Task requirements
Once the images are removed, set down everything else in the listing below exactly.

*** Opening Dataset section ***

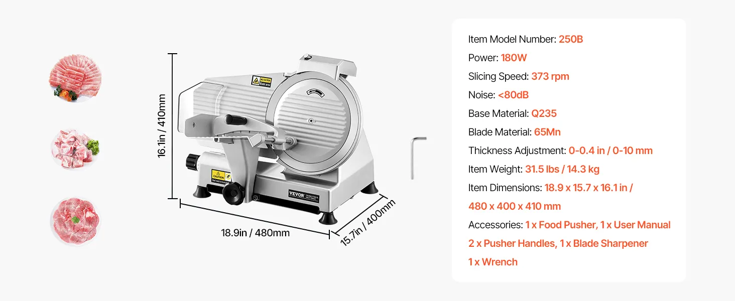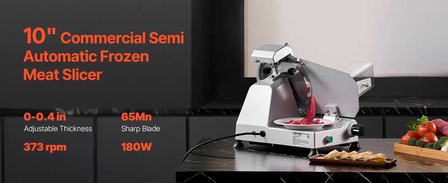 Take the hassle out of meal prep with our frozen meat slicer. Powered by a high-efficiency 180W motors and spinning at a smooth 373 RPM, it quickly slices through meat, cheese, bread, and veggies, giving you back your day.
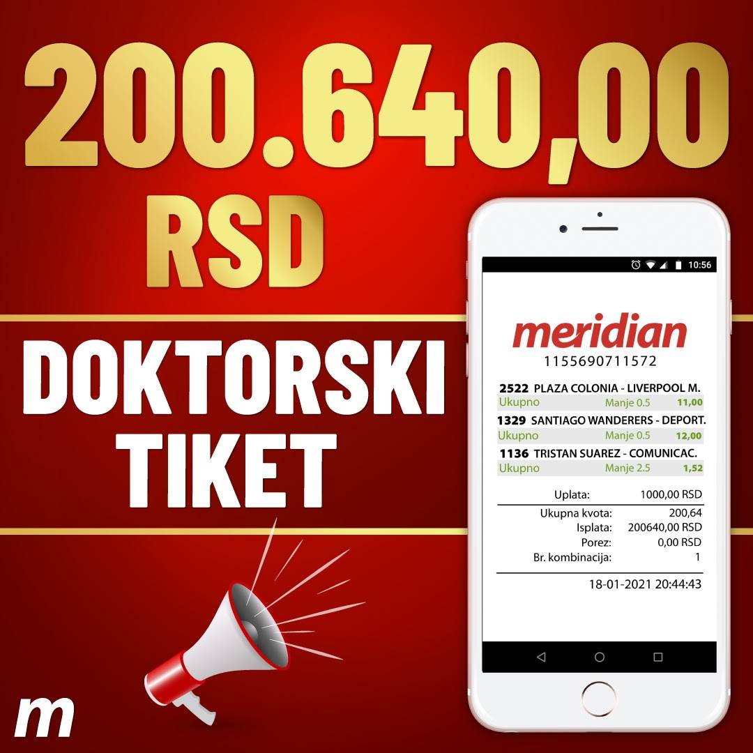 Bravo za doktora latino fudbala. U Meridianu su najveće kvote pa će ovakvih top tiket priča biti još više!
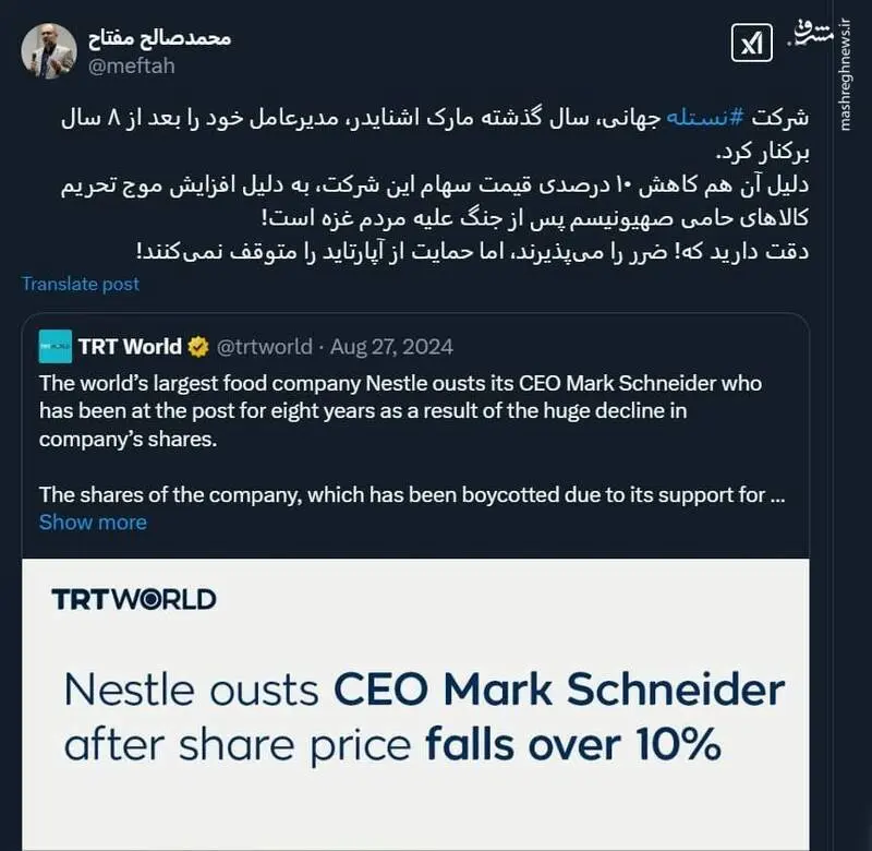 دلیل آن هم کاهش ۱۰ درصدی قیمت سهام این شرکت، به دلیل افزایش موج تحریم کالاهای حامی صهیونیسم پس از جنگ علیه مردم غزه است!

*** Closing Dataset section ***

Solved problem
 Take the hassle out of meal prep with our frozen meat slicer. Powered by a high-efficiency 180W motors and spinning at a smooth 373 RPM, it quickly slices through meat, cheese, bread, and veggies, giving you back your day.
 Bravo za doktora latino fudbala. U Meridianu su najveće kvote pa će ovakvih top tiket priča biti još više!
 دلیل آن هم کاهش ۱۰ درصدی قیمت سهام این شرکت، به دلیل افزایش موج تحریم کالاهای حامی صهیونیسم پس از جنگ علیه مردم غزه است!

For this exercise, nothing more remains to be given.